Benefits cliff will be a factor: “The economy will be operating without a safety net in January,” Bank of America economist Joseph Song wrote in a note to clients Friday. As we’ve told you previously, multiple emergency pandemic assistance programs established by Congress in March will expire at the end of the year, and Song says the sudden withdrawal of fiscal support will be felt in the broader economy.

The loss of emergency unemployment benefits on December 26 could knock 1.5 percentage points off of GDP growth, Song estimated. The loss in aggregate income from the unemployment benefits cliff would come to roughly $39 billion, while another $8 billion in income could be lost as workers exhaust their state benefits during the first quarter.

The termination of other relief programs – including the moratorium on evictions and the suspension of student loan payments – will add to the headwinds, Song said. Congress could eliminate the drag, however, by passing another stimulus bill, and Song expects to see a spending package worth between $500 billion and $1 trillion soon after Joe Biden is sworn in, setting the stage for positive GDP growth in the second quarter.
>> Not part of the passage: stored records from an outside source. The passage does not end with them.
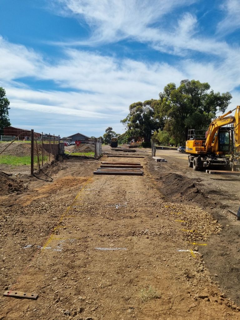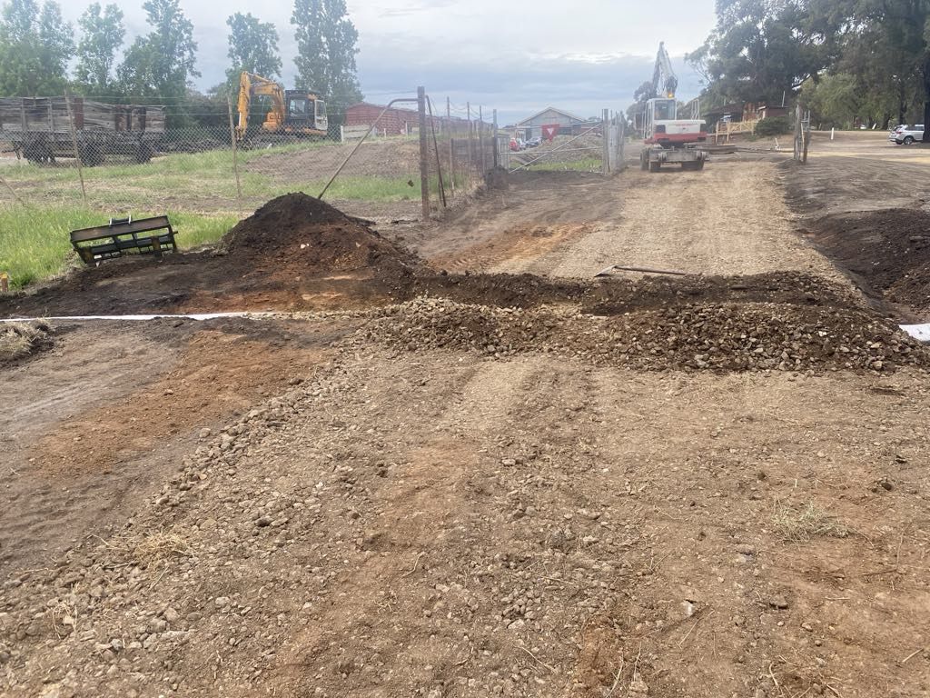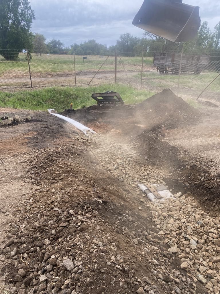 Today began with a ditch, some drainage was installed and it was backfilled with Ballast, this should help lessen the water soaking issue this area has experienced.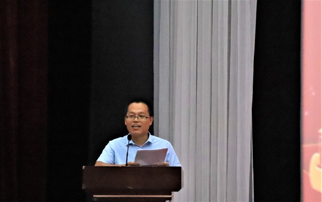 “2019年度河北师德标兵” 获奖教师代表--土木建筑工程学院教师时国松上台发言,他以诙谐幽默的话语讲述了自己是如何克服备课的疲劳和调动学生课堂上的积极性的独到方法,希望与在座教师共勉,互帮互助。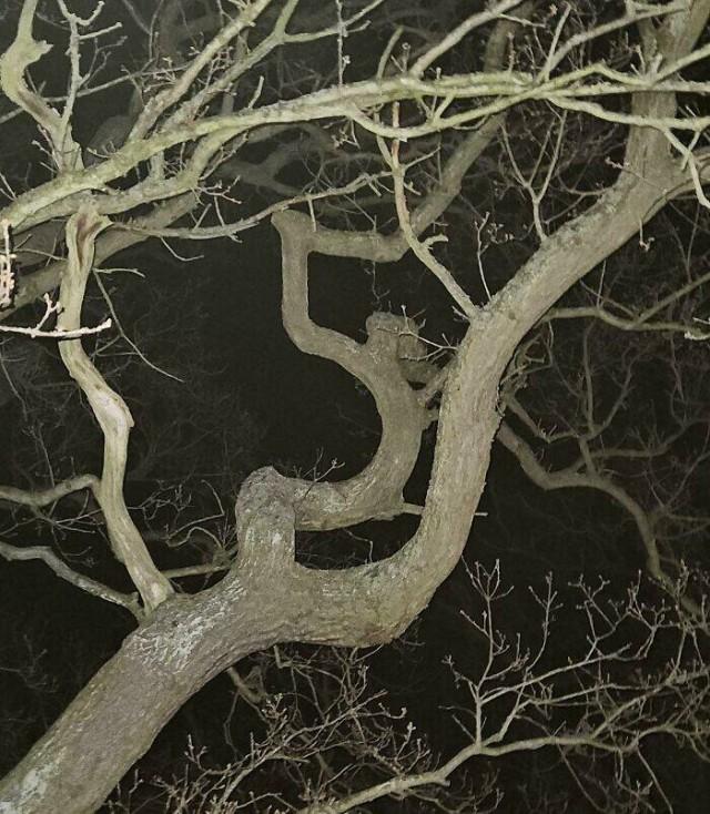 8. Дерево, сгоревшее во время лесного пожара много лет назад, напоминает топологическую карту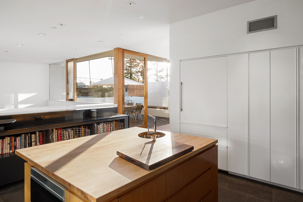The interior is highlighted by custom cabinetry, flush-mounted doors, and quality fixtures reflecting an elevated lifestyle. A custom designed lighting plan adds to a refined and welcoming mood. The chef's kitchen is a culinary haven, bathed in natural light and equipped with high-end appliances, hand-crafted cabinetry, and a generous island for both food preparation and enjoyment. Outside, the owners, in collaboration with a landscape designer, transformed the surroundings into a serene oasis with native Californian shrubs, grasses and trees.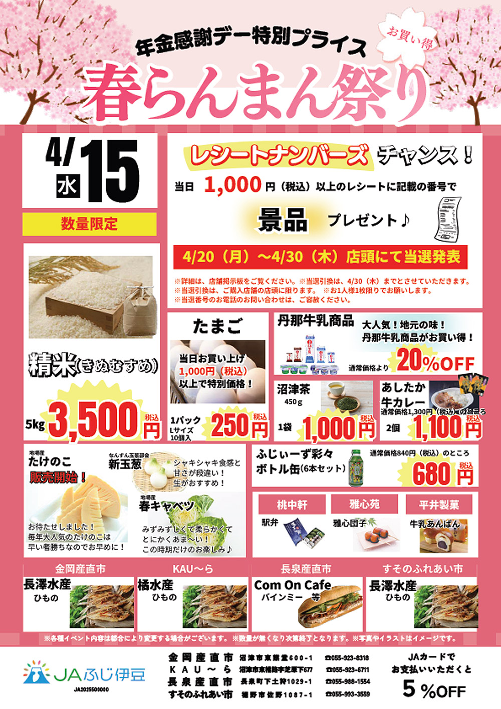 ファーマーズなんすん4店舗(金岡産直市・KAU~ら・長泉産直市・すそのふれあい市)では、春らんまん祭りを開催します!皆さまのご来店をお待ちしております。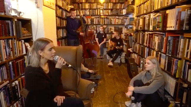 Efnilegt tónlistarfólk úr Leikfélagi Menntaskólans á Akureyri flutti lagið Neðanjarðar eftir 200.000 Naglbíta í Fróða Fornbókabúð til þess að auglýsa söngleikinn Hjartagull.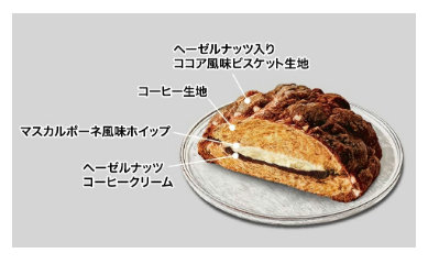 コーヒー生地に、ヘーゼルナッツ入りのココア風味のビスケット生地を合わせた。カスタードと組み合わせたコクのあるマスカルポーネ風味のホイップにヘーゼルナッツコーヒークリームをあわせ、生地と一緒に食べるとティラミスのような味わいを感じられるメロンパン。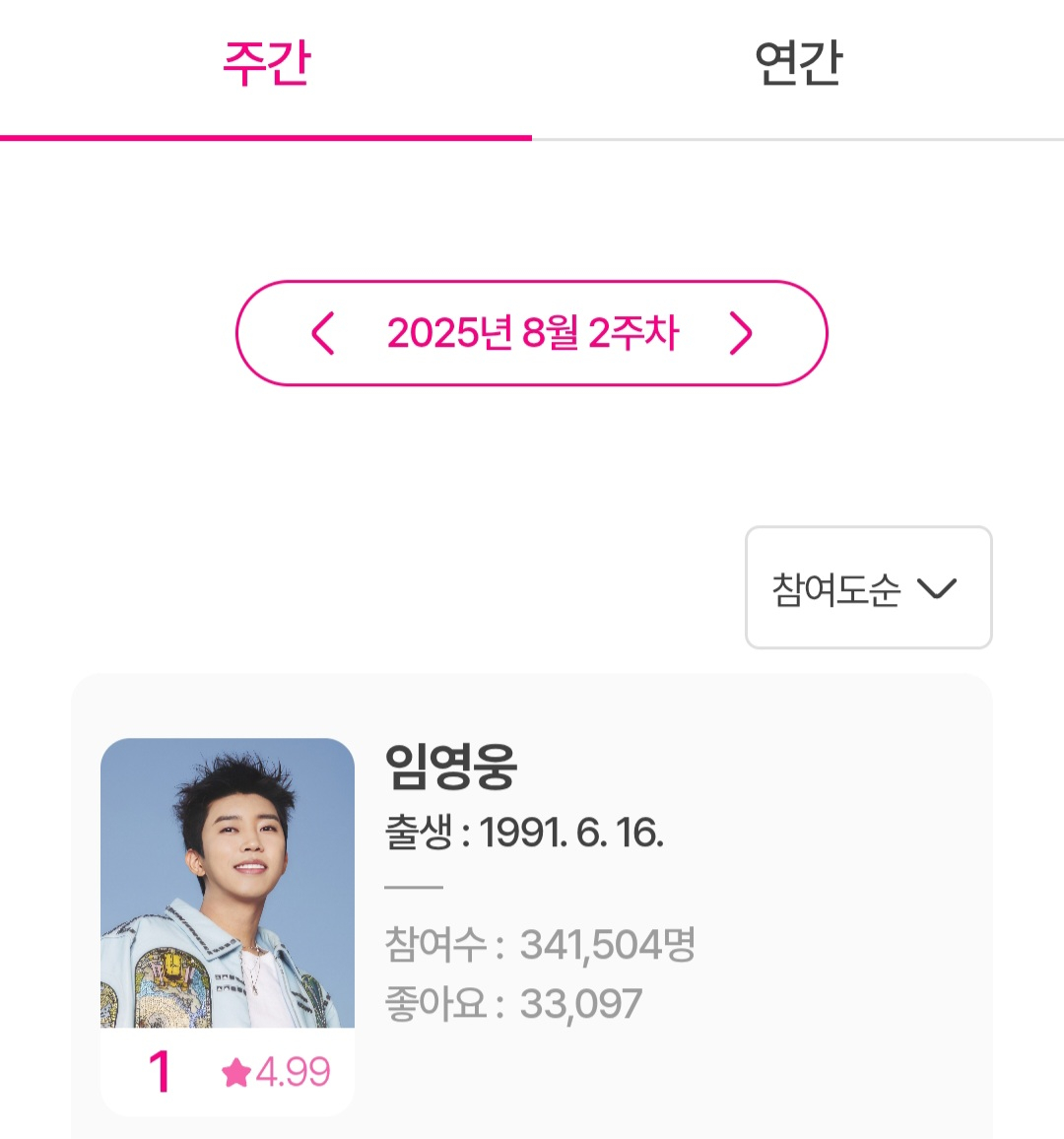 임영웅은 8월 11일부터 8월 17일까지 집계된 8월 2주차 아이돌차트 평점랭킹에서 34만 1504표를 얻어 1위를 차지했다.

White House insists on a rosier outlook: White House chief economic adviser Larry Kudlow said Friday that the economy is not slowing down in the face of a resurgent virus. “Housing is booming, consumer spending is booming, automobiles are booming, just booming,” Kudlow told Fox News. “It is a strong V-shaped recovery ... there are pandemic risks, virus hotspot risks, I get that. All I'm saying is what we know on jobs and housing and retailing and cars and other areas, the economy is very hot.”

Treasury Secretary Steven Mnuchin was a bit less optimistic. “What the economy needs is now more fiscal support,” he told CNBC Friday, while pledging to work with lawmakers to hammer out a targeted coronavirus relief bill now that the election is over.

“I can tell you Mark Meadows and I will be speaking with Mitch McConnell and Kevin McCarthy this morning,” Mnuchin said. “And we are going to come up with a plan to sit down with Pelosi and Schumer and try to get a targeted bill done for the people that really need it. And hopefully the Democrats will work with us.”